Come lo è l’investimento nel digitale e nella sostenibilità ambientale, per cercare di trasformare l’ineludibile transizione ecologica in volano per la crescita e per la produttività. Insomma, la difesa dovrebbe essere uno dei molti tasselli di una politica industriale degna di questo nome, volta a rilanciare la crescita dell’Europa e a renderla meno dipendente da antichi alleati divenuti ostili o da potenze emergenti. È bizzarro (verrebbe da dire sospetto, visto che a pensar male si azzecca quasi sempre) che tutti quelli che indicano l’esempio degli Stati Uniti riguardo alla spesa militare diventino improvvisamente silenti sulle centinaia di miliardi di investimenti pubblici che le amministrazioni d’oltreoceano mettono sullo sviluppo di settori d’avvenire come l’elettrico e l’Intelligenza Artificiale.
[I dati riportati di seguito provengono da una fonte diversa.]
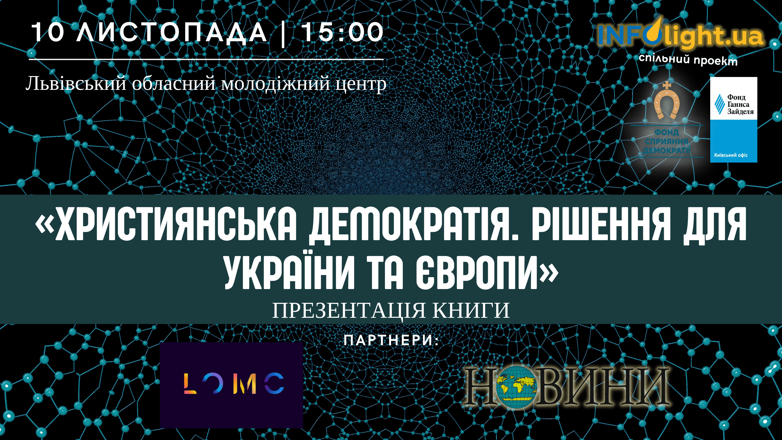 10 листопада о 15:00 в Львівському обласному молодіжному центрі відбудеться презентація книги «Християнська демократія. Рішення для України та Європи». Книгу авторства громадського активіста Юрія Міндюка, журналіста Костянтина Канішева та політолога Валерія Майданюка видано зусиллями ГО Фонд сприяння демократії.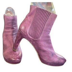 Ecco Womens Size 40 EUR Purple Leather Pull On Heeled Fashion Boots Bootie
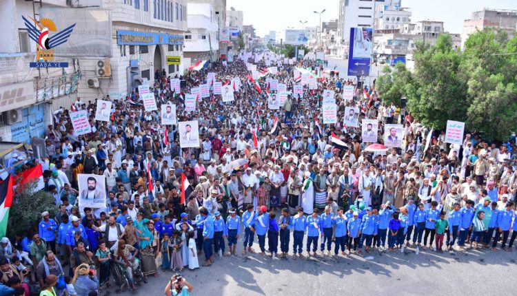 مسيرات جماهيرية بالحديدة تحت شعار “ثابتون مع غزة وإيران ضد الإجرام الصهيوأمريكي”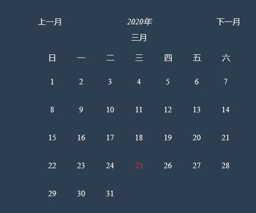 实现思路:获取每个月的第一天是星期几,然后把前面的天数填充为空,在获取每个月有多少天,循环填充,判断并给给当前时间添加单独样式,点击上一月,和下一月时改变月份。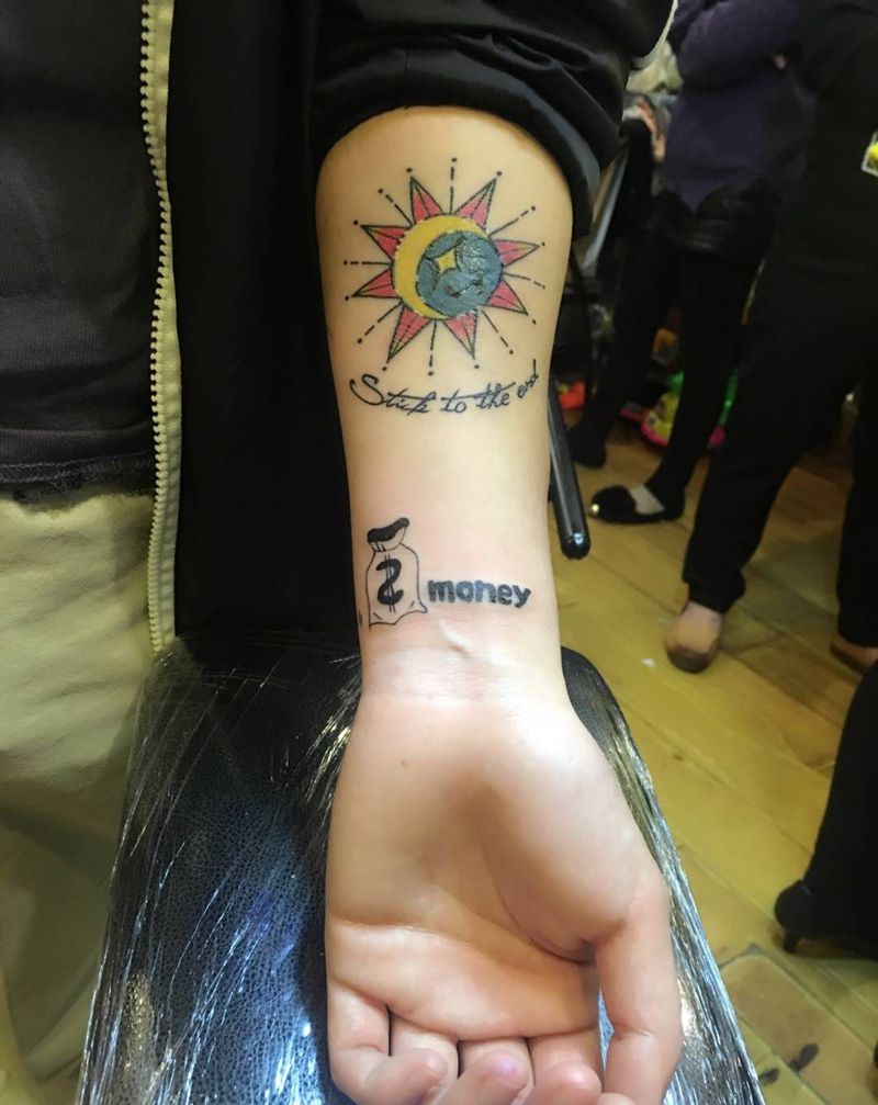 • T家庭图,一家四口生日纪念!纹身图片_手臂纹身图案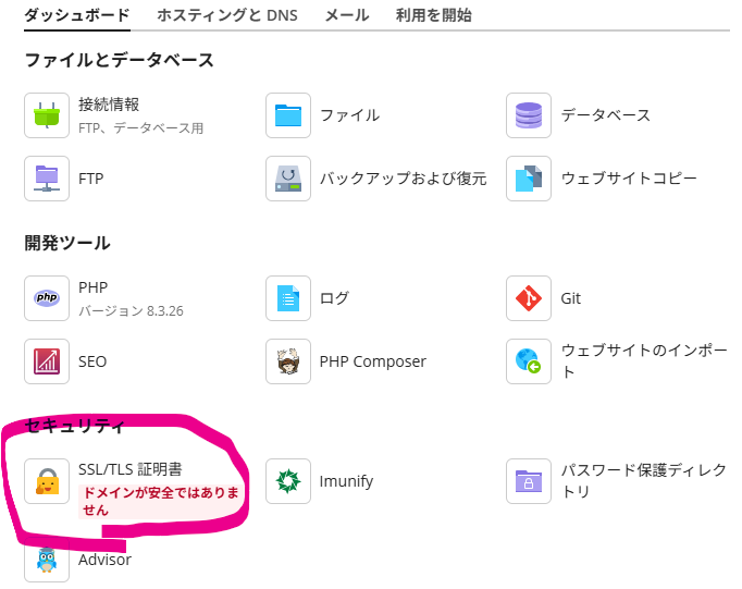 (1)「ウェブサイトとドメイン」の「ダッシュボード」タブで「SSL/TLS証明書」をクリック
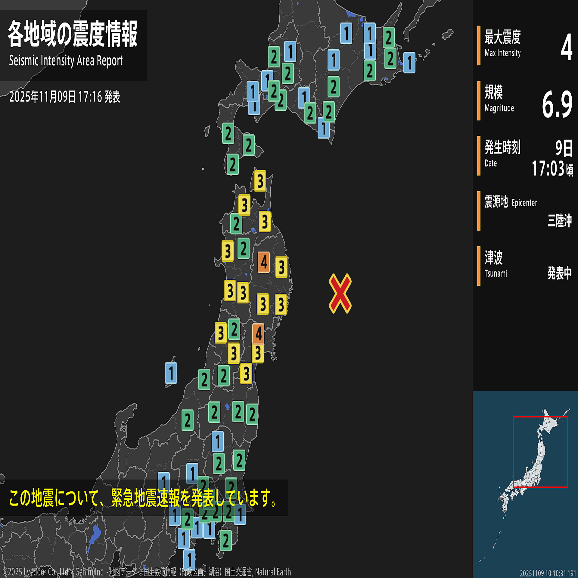 【地震情報 2025年11月9日】(19:10更新)17時3分頃、三陸沖を震源とする地震がありました。震源の深さは約20km、地震の規模はM6.9、最大震度4を岩手県、宮城県で観測しています。津波警報等(大津波警報・津波警報あるいは津波注意報)を発表中です。【地震情報 2025年11月9日】(17:16更新)17時3分頃、三陸沖を震源とする地震がありました。震源の深さは約10km、地震の規模はM6.7、最大震度4を岩手県、宮城県で観測しています。津波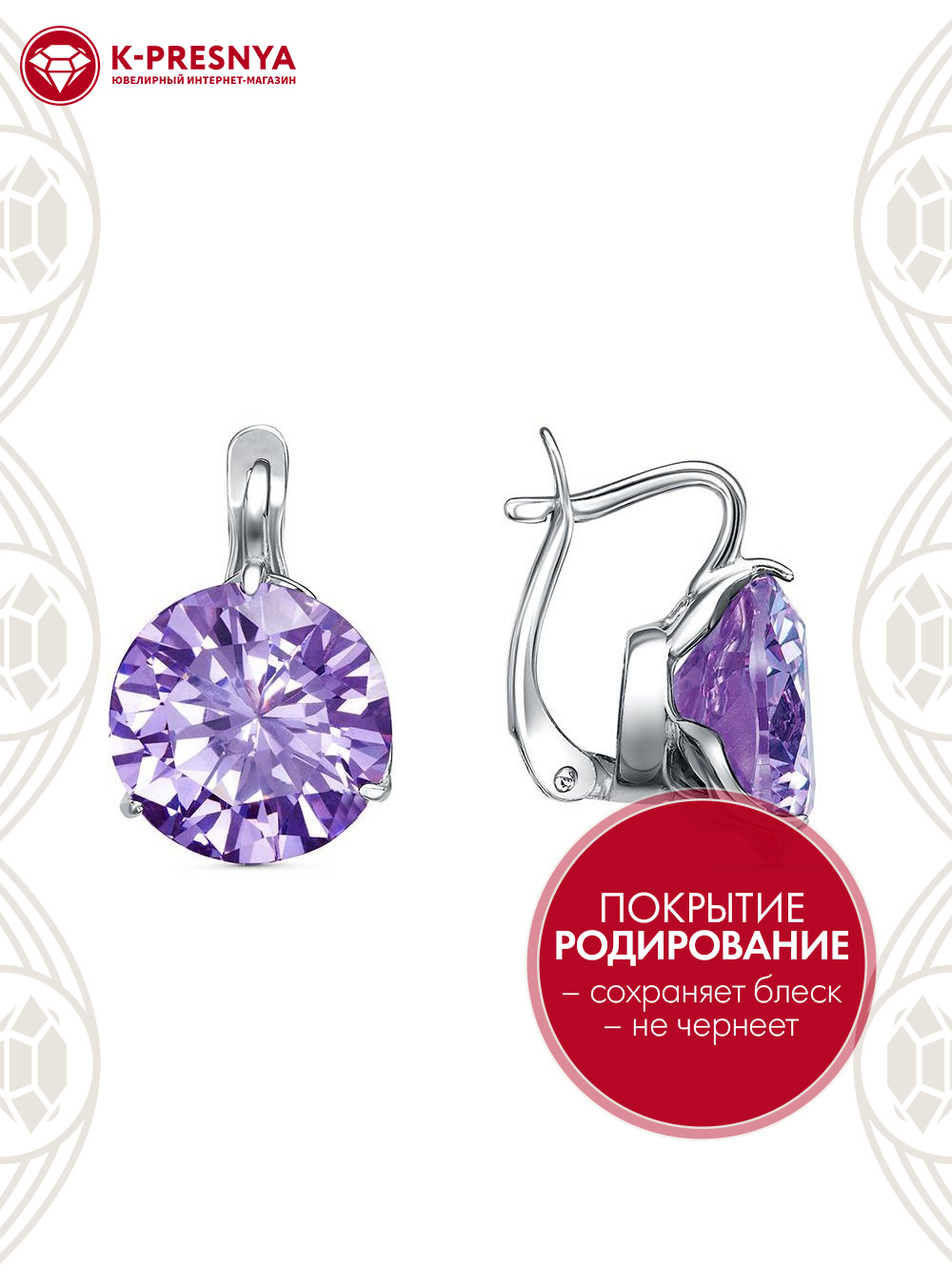 Серьги серебро 925 пробы, покрытие - родирование, вставка - фианит (недрагоценный камень)

Bisognava, in altre parole, prendere la palla al balzo di questa crisi per ridisegnare l’intero sistema della politica industriale europea per metterla al servizio dell’autonomia strategica e della crescita: con strumenti comuni di spesa; con una vera solidarietà tra paesi europei (RearmEurope non comporta sovvenzioni ma solo prestiti, di fatto ripudiando l’innovazione principale che aveva caratterizzato Next Generation EU); e con una riscrittura del Patto di Stabilità che introducesse una protezione permanente dell’investimento, non solo in difesa. In assenza di una politica industriale veramente nuova e a tutto tondo, RearmEurope arricchirà sicuramente qualche impresa europea (e molte americane) senza effetti sulla crescita, in prospettiva lacerando ulteriormente il contratto sociale europeo. Tra qualche anno i partiti euroscettici – e gli autocrati stranieri che li sponsorizzano – passeranno all’incasso.